I don’t eat well.
I don’t mean what I eat (although for the sake of everything good and holy I should probably eat a vegetable or fruit, cut back on carbs and sugar, and overall balance my meals better. But who has time for that?), I mean how I eat.
Or, rather, how I don’t eat.
I have this bad habit of not eating until I have to. I tend to be hungry, not find anything appealing, then kind of forget about being hungry until my blood sugar drops and I have to eat right now! Then, I end up binging on quick foods (ranging from candy—yes it’s a food—to chips and cookies, anything to raise my blood sugar), microwaving something, devouring it in record time, and then, when the frenzy is over, physically feeling like absolute shit.
This happens about once a day. You’d think I would learn by now to notice my body’s signals that my hunger is growing and I should eat before I get to the food crisis mode. But this is my pattern, my rhythm, my habit.
It’s not healthy, but it’s what I do.
I don’t listen to my body well. When I’m dying for a glass of water, I grab another cup of coffee. When I have a coughing fit, I catch my breath and go have a cigarette. When I’m hungry, I eat quick calories that neither sustain nor truly provide nourishment to my body. That’s not how I would treat a friend. A friend, I would bring some water too. A friend, I would cook a meal for. A friend I would go for a walk with. But no, not me. I am not my own friend, at least not in action.
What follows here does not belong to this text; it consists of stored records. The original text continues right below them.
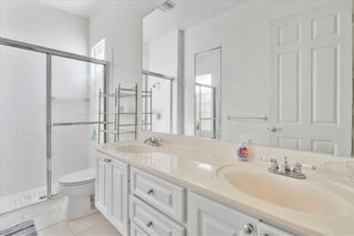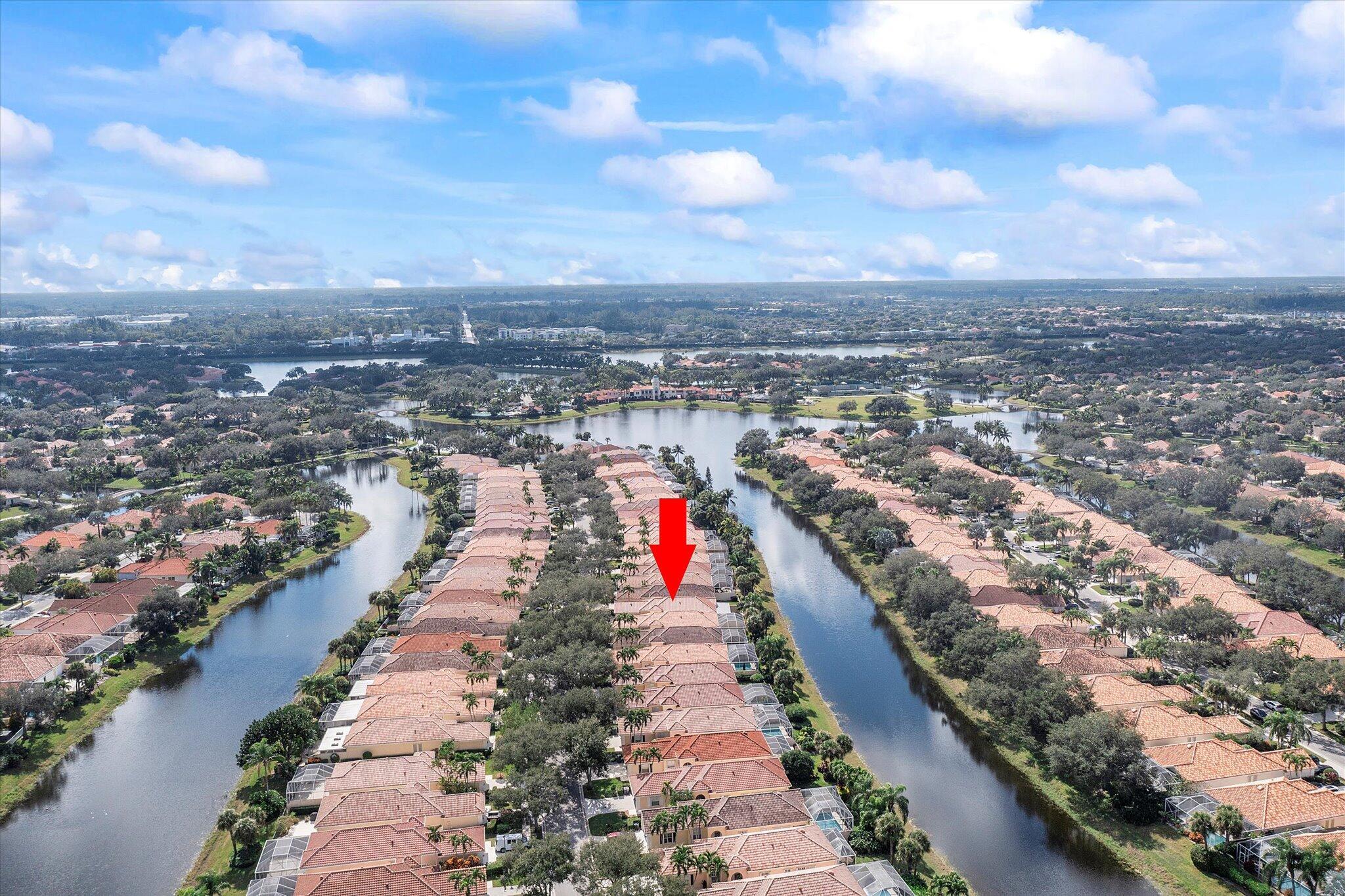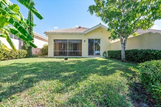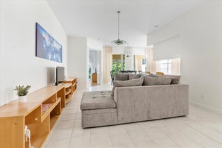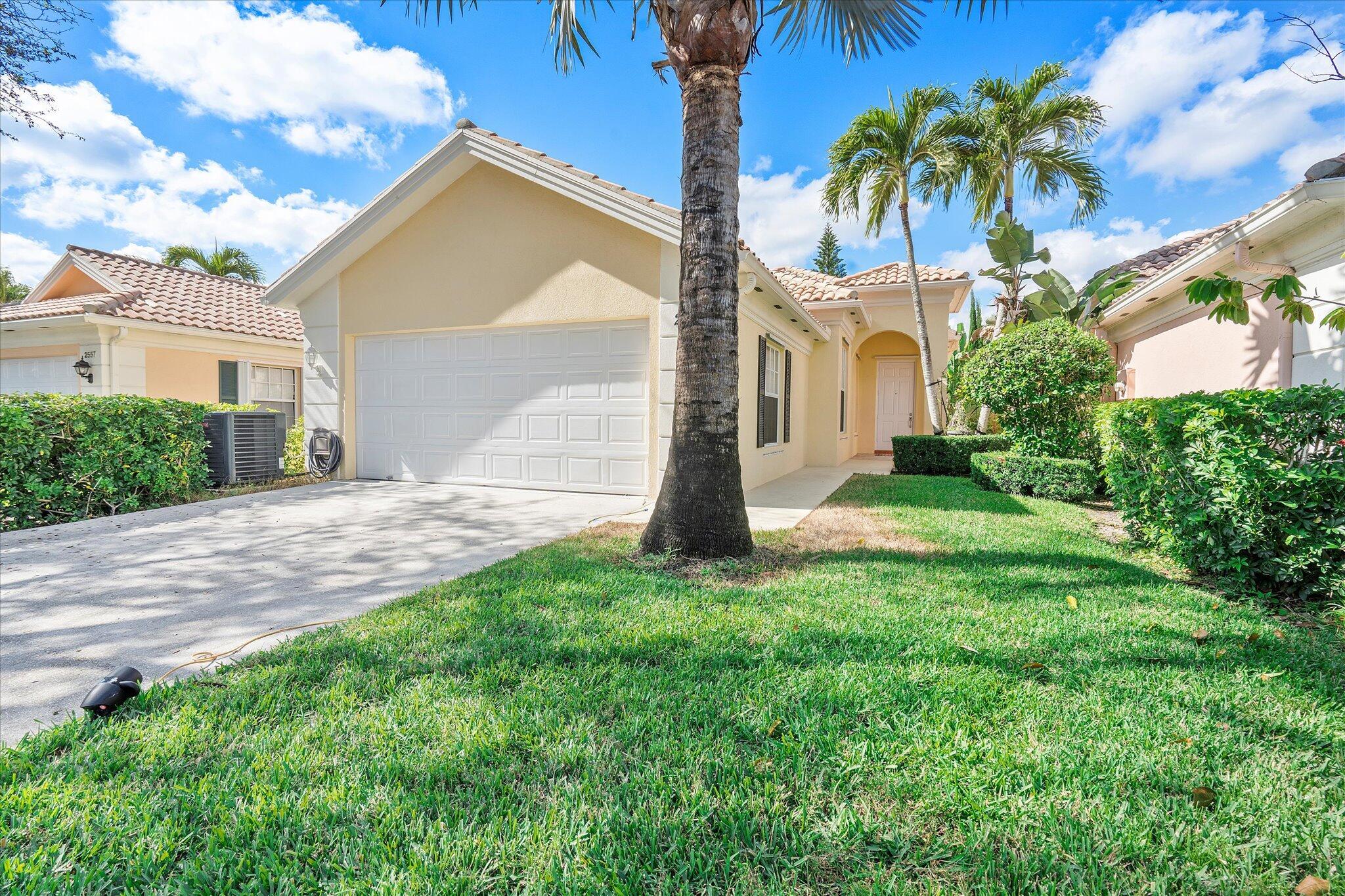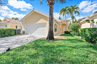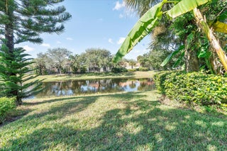Enjoy a beautiful WATER VIEW from this 3 bedroom, 2 bathroom, 2-car garage villa in the coveted Riverwalk community! There is tile flooring in the living area and elegant parquet in bedrooms. 10' ceilings and plenty of windows make the home feel bright and airy. The spacious primary bedroom overlooks the canal and direct access to the backyard. It is finished with a walk-in closet. The primary bathroom features dual sinks and a shower. Spacious laundry room is equipped with a full size washer and dryer, a convenient sink and plenty of storage space. Relax on a screened-in, private patio overlooking a serene canal. HOA fee covers cable and internet.Riverwalk is a fantastic community with its own Town Center, post office, three pools, café /restaurant, fitness center, eight Har-Tru tennis courts, pickleball courts, bocce court, activity rooms, 24-hr manned gate and more. It is just a few minutes away from the FL Turnpike and 441. Riverwalk is conveniently located to grocery stores and shopping plazas. Take a quick ride to I-95, PBI airport, Palm Beach Outlets, downtown West Palm Beach and Rosemary Square featuring fantastic restaurants and shops. The beach and fabulous Palm Beach Island are 12 miles away. All measurements are approximate. Take a look at the 3D virtual walk-through.
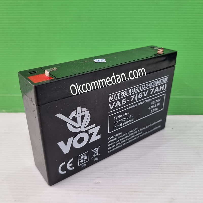 Baterai kering Voz VA6-7 adalah Valve regulated lead acid batteray yang berkapasitas 6v 7ah.
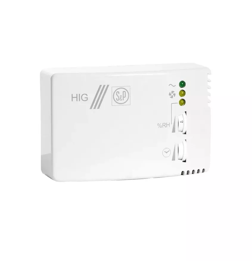 Czujnik wilgotności HIG-2 wyposażony jest w opóźnienie czasowe regulowane (1÷25 min). Urządzenie włącza lub wyłącza wentylator w zależności od wilgotności powietrza (zakres regulacji 60÷90% RH).
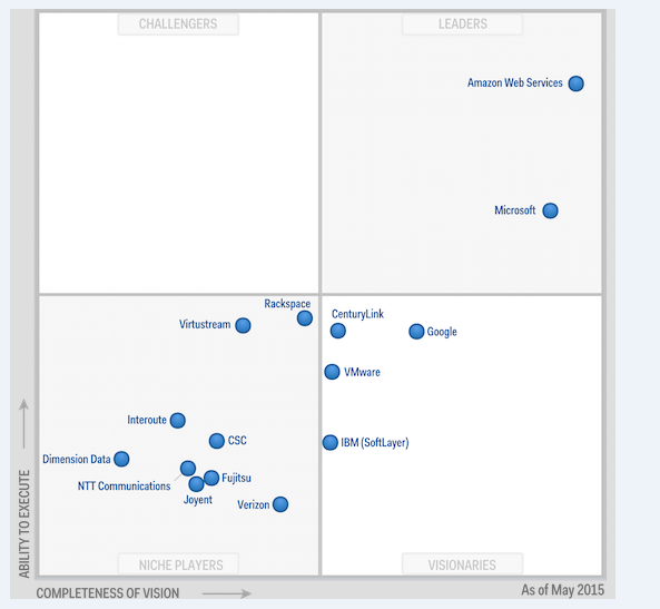 我们先来看两个数据, 第一个是据Gartner 2015 IaaS魔力象限报告(如下图),AWS仍然保持在领导者象限的顶部,并且其营收比第二位到第五位跟随者营收总和的5倍还多; 第二个是今年4月亚马逊财报首度公开其业绩,营收15.6亿美元,同比增长49%。
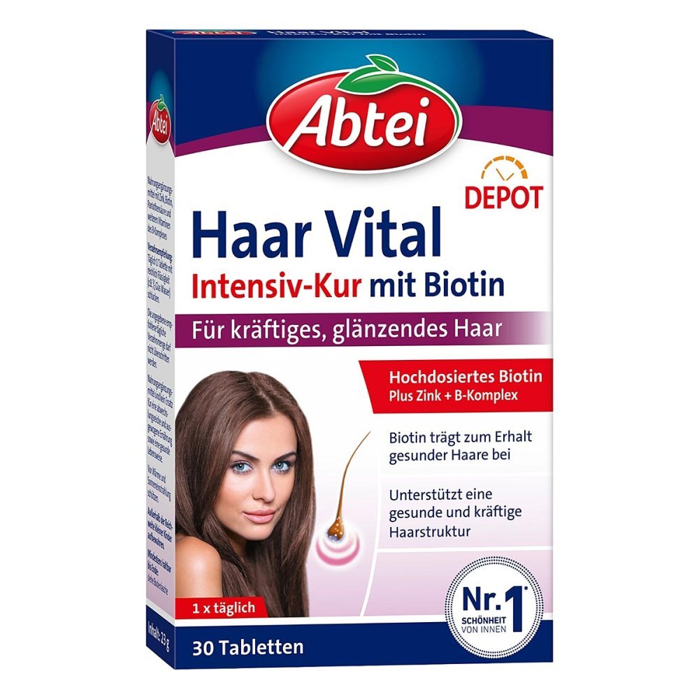 يقدّم علاج Abtei Haar Vital Intensiv-Kur على شكل أقراص صغيرة تركيبة خاصة من العناصر الغذائية المختارة. وبفضل محتوى البيوتين والزنك، يمكن أن يساهم في الحفاظ على الشعر الطبيعي. كما أن النياسين الموجود يمكن أن يساهم أيضًا في الحفاظ على صحة الجلد، وبالتالي صحة فروة الرأس. ومن خلال التأثير الخاص للتخزين التدريجي، يمكن الإفراج عن العناصر الغذائية للجسم على مدى عدة ساعات، مما يدعم توفيرها المستمر. كما أن الفيتامينات B₁ وB₂ وB₆ وحمض البانتوثنيك يمكن أن تساهم في عملية التمثيل الغذائي الطبيعي للطاقة.
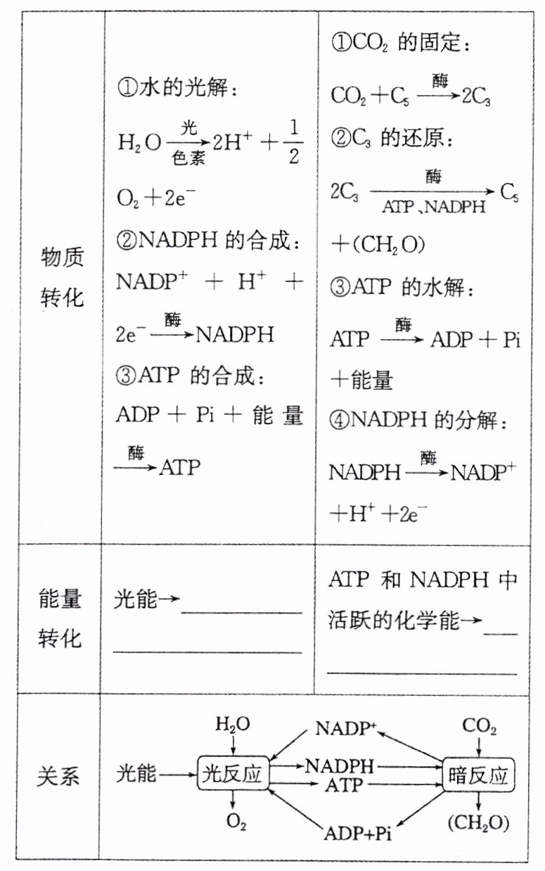 (2)× [暗反应中,CO₂不能直接被NADPH还原,必须经过CO₂的固定形成C₃,再在有关酶的催化作用下,C₃接受ATP和NADPH释放的能量,并且被NADPH还原。]
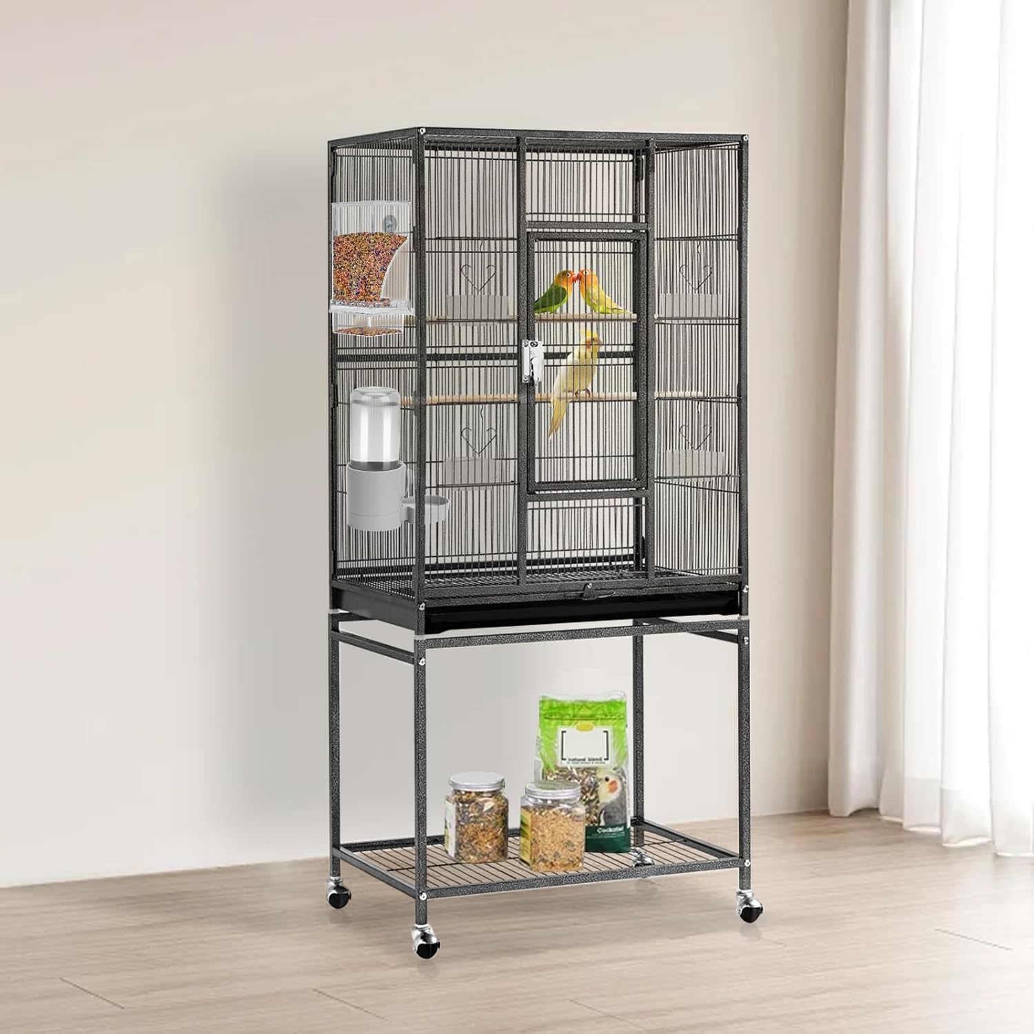 - No Mess Bird Feeder: After the birds eat, the seed shells and uneaten seeds will remain in the slot compartment below, keeping the bird cage or room clean, and the bottom independent drawer design is easy to take out. The top cover of the bird feeder opens to easily refill the food, so you don't need to take it off.
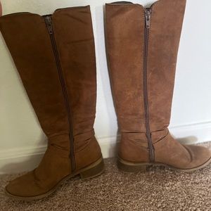 Gently used boots, EXTREMELY comfortable for every day wear. Features a real belted buckle at the ankle and zippers on the inside calf. The zippers unzip all the way down the length of the boot.
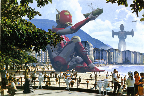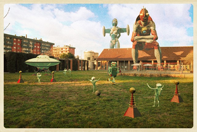I use 3d modelling programs and a lot of photoshop to create my works. I make the characters and I try to put them in the same prospective and light that are in the postcard I want to invade. I also repaint with painter the collage to better melt the 3d renders and the badly printed postcards.
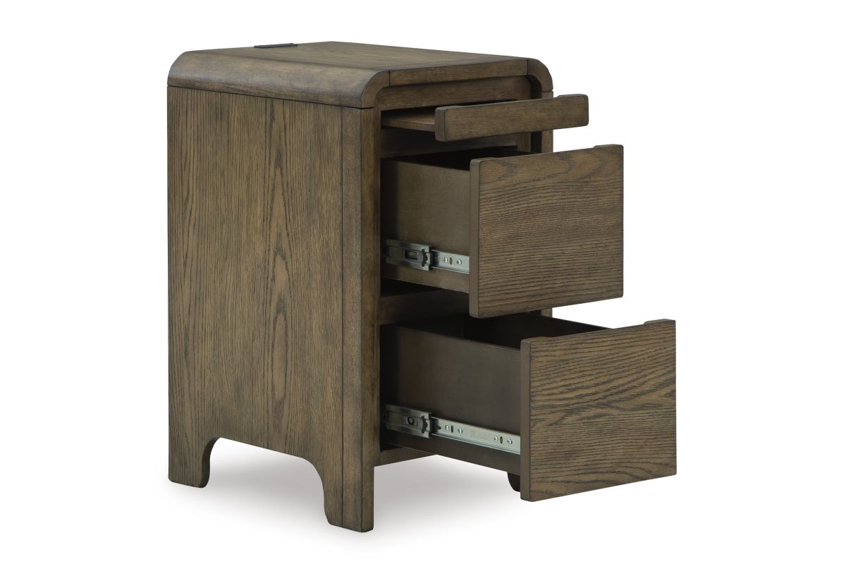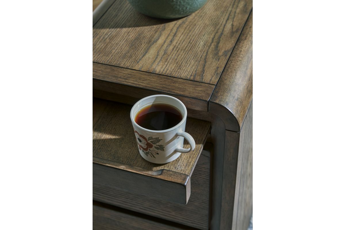 In the market for furniture that combines contemporary form with smart functionality? Look no further than this accent table. Its drawers keep essentials within reach, while the pull-out tray easily holds nibbles and drinks. And its USB charging options make it easy to stay powered up. Hosting or lounging, this table has you covered in style.

If I was my own friend, I would check in on myself, ask myself if I’ve drunk water, had a meal, moved my body a bit. If I was my own friend, I wouldn’t try and shame myself into better habits, saying I should be better. If I was my own friend…
There I go. Shaming myself again. See, whenever I start saying, “I should do this” or “If I really…” then I know that I’m simply telling myself to hoist my ass up by my own bootstraps and get it in gear. I’m telling myself to try harder, to do better, to get up and do something, whether or not it hurts or is hard. Know pain, know gain.
But that’s not how we treat our friends. At least I hope not. We don’t shame the people we love into doing things that help them. We come alongside them, pick them up if we need to, dust them off, and tell them that we are there to help them do the hard thing.